My ball wall project
Johan Halmén

In another thread that closed too soon[1], I mentioned this idea, that I've been working on.

Short description. I have a round plate covering three piezo elements. Throwing a ball on the plate will cause an impulse in each piezo element. Comparing the size of the impulse will give information of where the ball hit.

This is a rough description of the thing. On a stiff plywood board I have three piezo elements. Over them I lay a thin sheet of plastic foam. On top of it the circular plate of MDF or similar. The MDF plate should distribute the force pulse evenly to the three piezos. The plastic foam should dampen any vibrations and perhaps also prevent too high voltage peaks.


If the piezos manage to deliver measureable peaks and my electronics manage to measure them more or less precise, and if the MDF plate can distribute the impact force in a way that the peak is smaller the farther away from the piezo the impact happens, I should be able to determin exactly where the hit happened and with what force the ball hit.

Roughly: I have three measured values, which give a three dimensional vector. What I want is the location (2 dimensions) and the force (the third dimension).

If the pulses from A and B are equal, the hit must have happened along the straight line through the center and C. In that case, if the pulse from C is bigger than the pulse from A or B, the hit happened to the right.

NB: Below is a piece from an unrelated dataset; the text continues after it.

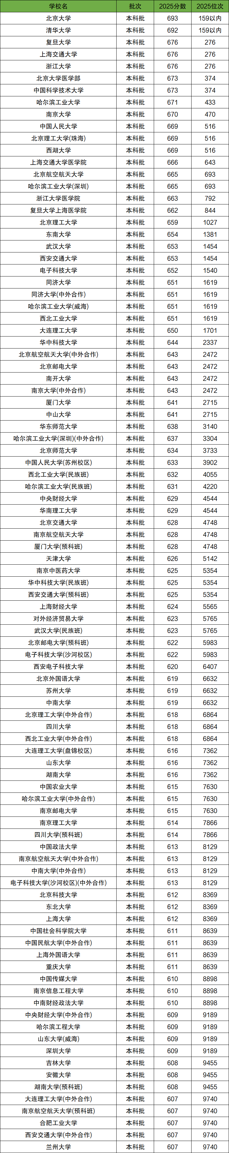 重慶前1萬名能上的大學(xué)有北京大學(xué)、清華大學(xué)、復(fù)旦大學(xué)等,知道全國大學(xué)在重慶的分?jǐn)?shù)線及位次排名非常重要,本期將介紹2025年重慶物理類考生高考位次排名對應(yīng)的大學(xué),包括重慶高考前1萬名、6萬~8萬名能上什么大學(xué)等。

But could it be that two hits of differing forces and differing locations still could give identical pulses on A, B and C? Something tells me that it couldn't. Of course, the circular plate is not infinite, something might happen with the shock near the edges. It might reflect or something. With an infinite size plate, I might find a function of the peak size depending on the distance and the force. Say peak = force / distance². But I probably have to just test and calibrate the thing. Like using impacts of 4 different sizes on some 100 points on the plate. Then build a lookup table, if the tests don't show an obvious mathematical relationship that easily converts into a formula or two.

From that, I hope to be able to find out the location and force of any arbitrary hit (I) on the plate.


  1. We should have a discussion about threads that close too soon.

Can your sensors measure the delay difference between pulses? That'd remove the issue of the force. Otherwise, just add a forth sensor, it'll be enough disambiguate.

Johan Halmén

Probably not. I use a microcontroller and I don't think it's fast enough. I'd have to use an external timer chip or something, that would turn the delays into digital data.
The delays would be in microseconds. I already skipped the idea of just polling the three analog inputs and reading the max values, becaude of timing problems. Instead I have peak detector circuits that hold the max values until the microcontroller has time to read them.


Speed of vibration in wood is some 3500 m/s. That's 3.5 m/ms and 3.5 mm/µs. I'd hope to have some 20 mm of accuracy. A time based system would be nice, because the position could be calculated only based on the times. After that, the force could be easily calculated, when the position would be known and the puls sizes from each piezo. With my approach based only on the size of rhe pulses. it's more complex.


Ok, I just tested the speed of the microcontroller. A simple loop that reads an analog port and does two other lines is performed 10000 times per second. That's 10 times per millisecond. During one loop the sound or vibration travels 35 cm in the wood. Though it probably travels slower in the MDF board than in plywood.